Ладно. Пусть даже не умереть, пусть заснуть. Долгим, беспробудным сном на века и тысячелетия. Утопить себя в океане, похоронить в вечных снегах, замуровать в скалах!
А еще был и другой порыв. Раз нельзя умереть — надо все забыть. Стереть все воспоминания напрочь, похоронив их где-то очень глубоко, в подсознании. И прийти в этот мир полностью чистым листом, а не как обычно — сохранив основной опыт и характер.
И только память о крапивном побеге, такая сладкая, горькая и больная, удерживала на месте. Я хотел забыть боль, но я не мог забыть ее.

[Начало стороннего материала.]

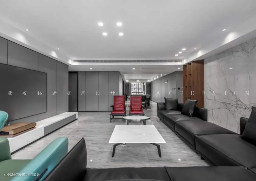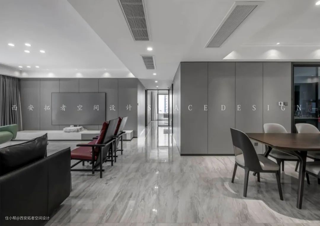 本案整个空间以黑白灰为主色调,色彩分明,给人带来视觉上的舒适感。无主灯设计,使得整个空间光线更加均匀。客厅四周采用墙板,能起到隔音降噪,绿色环保的作用。沙发加入最热烈的红与最饱满的绿,两种看似绝对对立的色彩在一个空间相遇,巧妙的规划与单品搭配,让最具冲突感的撞色既和谐又与众不同。沙发背景墙采用石材加斜角柜,不规则的斜角柜使整个空间更生动,与简单的浅灰色背景墙搭配的相得益彰,整个空间的主色调搭配自然,合理,显得色系十分统一,不杂乱。
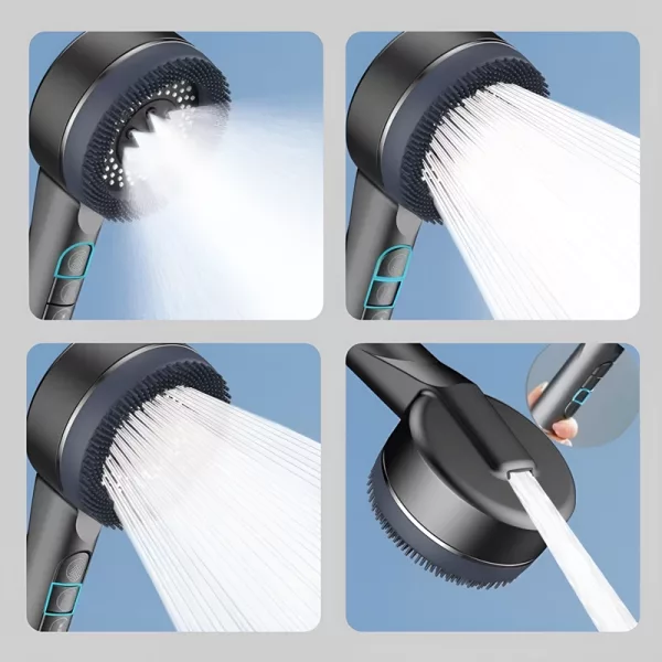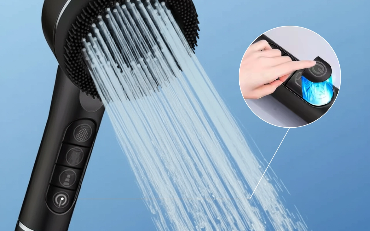 Mit der Silikonbürste lässt sich Seifenablagerung leicht entfernen. Duschen fühlt sich jetzt wie ein tägliches Verwöhnprogramm an. Der Insta-Stopp-Knopf ist sehr praktisch.
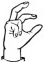 На ћирилици написано ОЛГА КУРМАЗОВИЋ састоји се из 14 слова [?]. Исписано ћириличном једноручном азбуком за глувонеме:
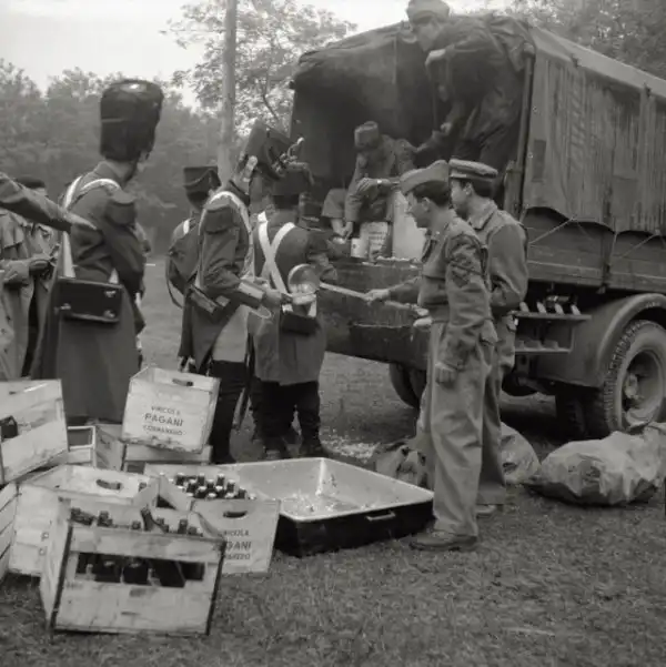 Раздача вина во время съемок фильма «Война и мир» Кинга Видора. 1955
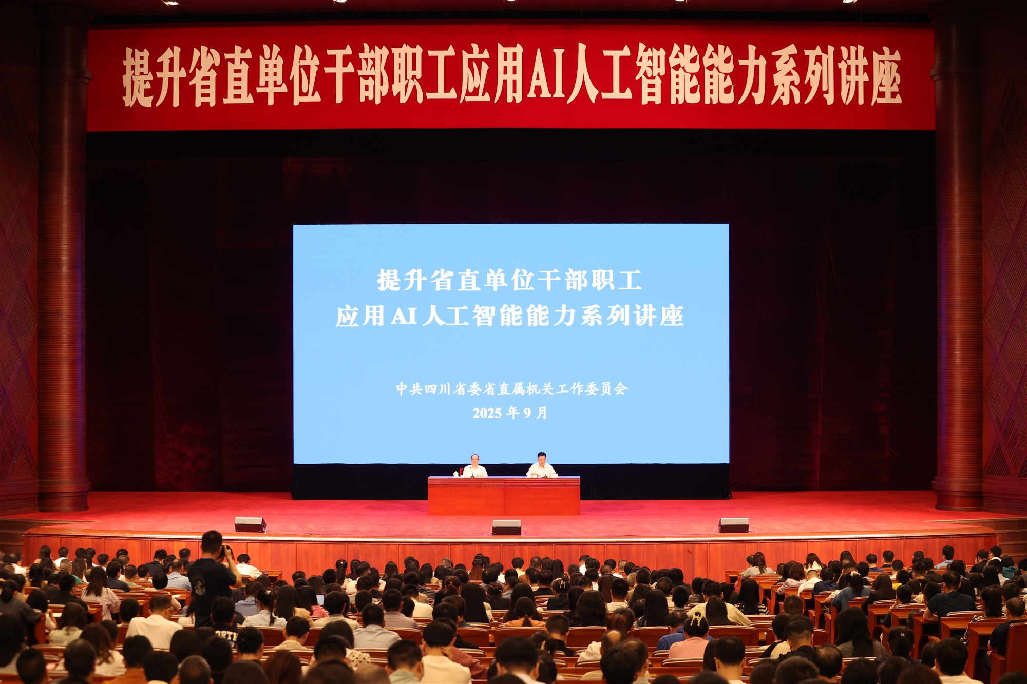 9月24日,成都市錦江大禮堂座無虛席,“提升四川省直單位干部職工應用AI人工智能能力系列講座”第一課正式開講。1200余名來自省直單位的干部職工濟濟一堂,聆聽電子科技大學教授、博士生導師李文帶來的生動講授,共同了解人工智能的起源與發(fā)展,學習相關知識及應用技能。
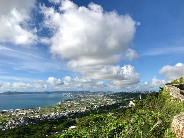 眺望はとても素晴らしく、東側には中城湾や太平洋が望めます。

Хвала магии древа жизни и моей олеандровой семье, такая истерика не продолжалась слишком долго. Где-то через полгода я взял себя в руки, прекратил истерить, выдохнул и попытался жить. Не получилось, конечно, ни демона… снова и снова начинал мысленно царапать семя в груди. И вот тут одновременно случилось две вещи.
Однажды утром, вынырнув из изматывающей медитации, я понял, что семени-то в моей груди больше нет. То есть… оно есть. Но почему-то немного другое. Уж запомнить, как выглядит мое вечное благословение и одновременно наказание, за столько лет я мог в мельчайших подробностях.